0x0000020cdabea990 {Line=0x00000075 ScopeLine=0x00000076 VirtualIndex=0x00000000 ...}	const llvm::DISubprogram *
0x0000020cdabefe20 {Line=0x0000004b ScopeLine=0x0000004b VirtualIndex=0x00000000 ...}	const llvm::DISubprogram *

@sbc100 @paolosev that crash was just fixed here: https://reviews.llvm.org/D80019

@aheejin I didn't think such a test was necessary, since a) the current code is not explicitly dependent on this adjacency anymore, b) we have code elsewhere (e.g. WebAssemblyDebugValueManager) that does assume this adjacency, so if there's any def + dbg_value that is not adjacent, this likely will require RegStackify to be fixed, and more likely this pass will continue to work. And c) we don't have an example yet where this is even produced.

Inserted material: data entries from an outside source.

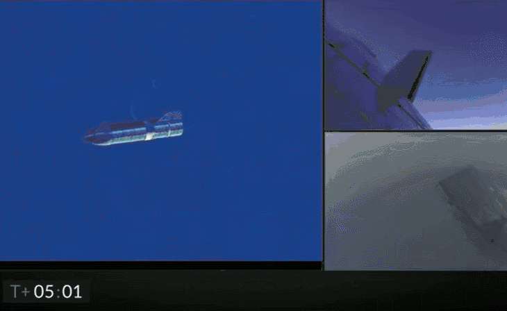 随后发动机逐一停止工作,SN8开始慢慢倾斜,直至与地表平行。
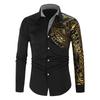Мужские деловые рубашки Мужская классическая рубашка Повседневная уличная одежда Черная золотая печать Рубашка с принтом Дизайн отложной воротник Мужские топы
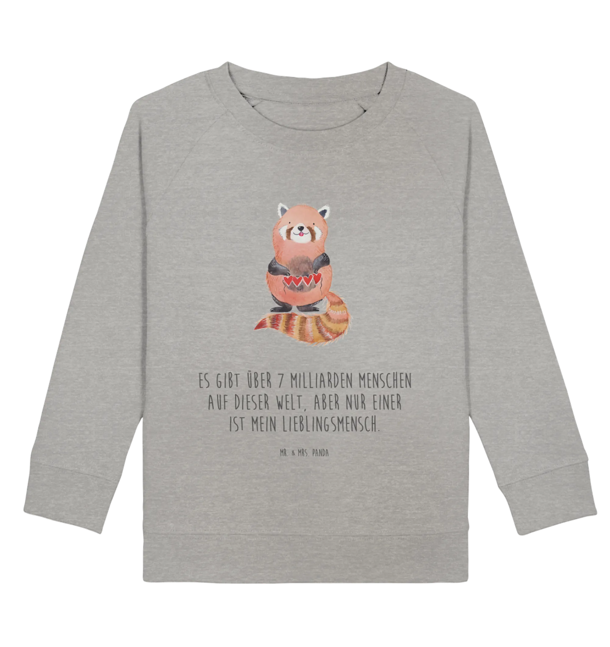 Der Rote Panda prangt auf einem angenehmen Heather Grey Hintergrund, was ihn zu einem modischen Highlight macht, das Kinder gerne tragen. Schenke deinem Kind oder einem geliebten Menschen ein Stück Freude und Liebe mit diesem liebevollen Pullover. Erinnere sie daran, dass es auf der Welt über 7 Milliarden Menschen gibt, aber nur einen Lieblingsmenschen.
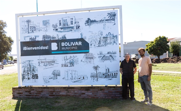 Como parte de esta propuesta, se renovó el cartel de ingreso a Bolívar, sobre la Ruta 226, donde ya puede apreciarse esta intervención. En ese espacio, el director de Turismo Emilio Leonetti estuvo junto al arquitecto, destacando el trabajo conjunto y el valor de incorporar producciones locales a la imagen urbana.
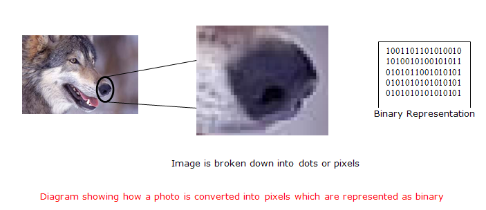 When an image is digitised it is converted into a series of dots or pixels. The pixels are then stored as binary data. The exact mapping of pixel to binary is beyond the scope of this book and also varies depending on the type of picture it is. For example a JPEG binary format is much different from a TIFF or GIF.

aheejin added a comment.EditedMay 15 2020, 1:25 PM

@aheejin I didn't think such a test was necessary, since a) the current code is not explicitly dependent on this adjacency anymore, b) we have code elsewhere (e.g. WebAssemblyDebugValueManager) that does assume this adjacency, so if there's any def + dbg_value that is not adjacent, this likely will require RegStackify to be fixed, and more likely this pass will continue to work. And c) we don't have an example yet where this is even produced.

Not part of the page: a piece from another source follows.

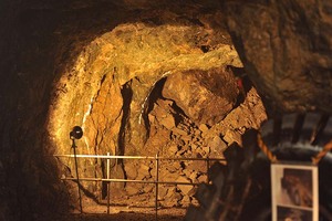 仙人秘水の源泉・採掘地からトロッコで戻ること10分、鉄鉱石の採掘現場・跡地です。これぞ鉱山の真髄。

WebAssemblyDebugValueManager does not assume this adjacency. It calls MachineInstr::collectDebugValues, which traverses the whole BB to collect debug values instructions for a matching register. But when I change the order of llvm.dbg.values in your example and run it with -print-machineinstrs, somehow instruction selection manages to emit DBG_VALUEs after their defs. Not sure it is always guaranteed though, as in the link @dschuff pasted. Anyway, to test this case we need an mir test case, which I think is an overkill too.

But I still think reverse traversing of Stack is worth it, given that the register will be most likely to be on top of the stack? (This is also a thing I suggested, but you didn't answer that one either)

And on the other note, in general, even when you think some of my suggestions are unnecessary, I'd greatly appreciate if you answer them by explaining why they are unnecessary, rather than just ignoring them.

@aheejin Apologies if you think I ignored your comments, I feel I responded to all of them, though maybe I could have responded earlier (I wanted to first bring up your point about adjacency in the debugging subgroup meeting yesterday).

WebAssemblyDebugValueManager: ah, didn't see that.. I guess it makes them adjacent when it clones/moves them.

As for the loop in reverse.. I did think of that, but given the average expected stack depth, I didn't think it was necessary.. would be happy to add it though.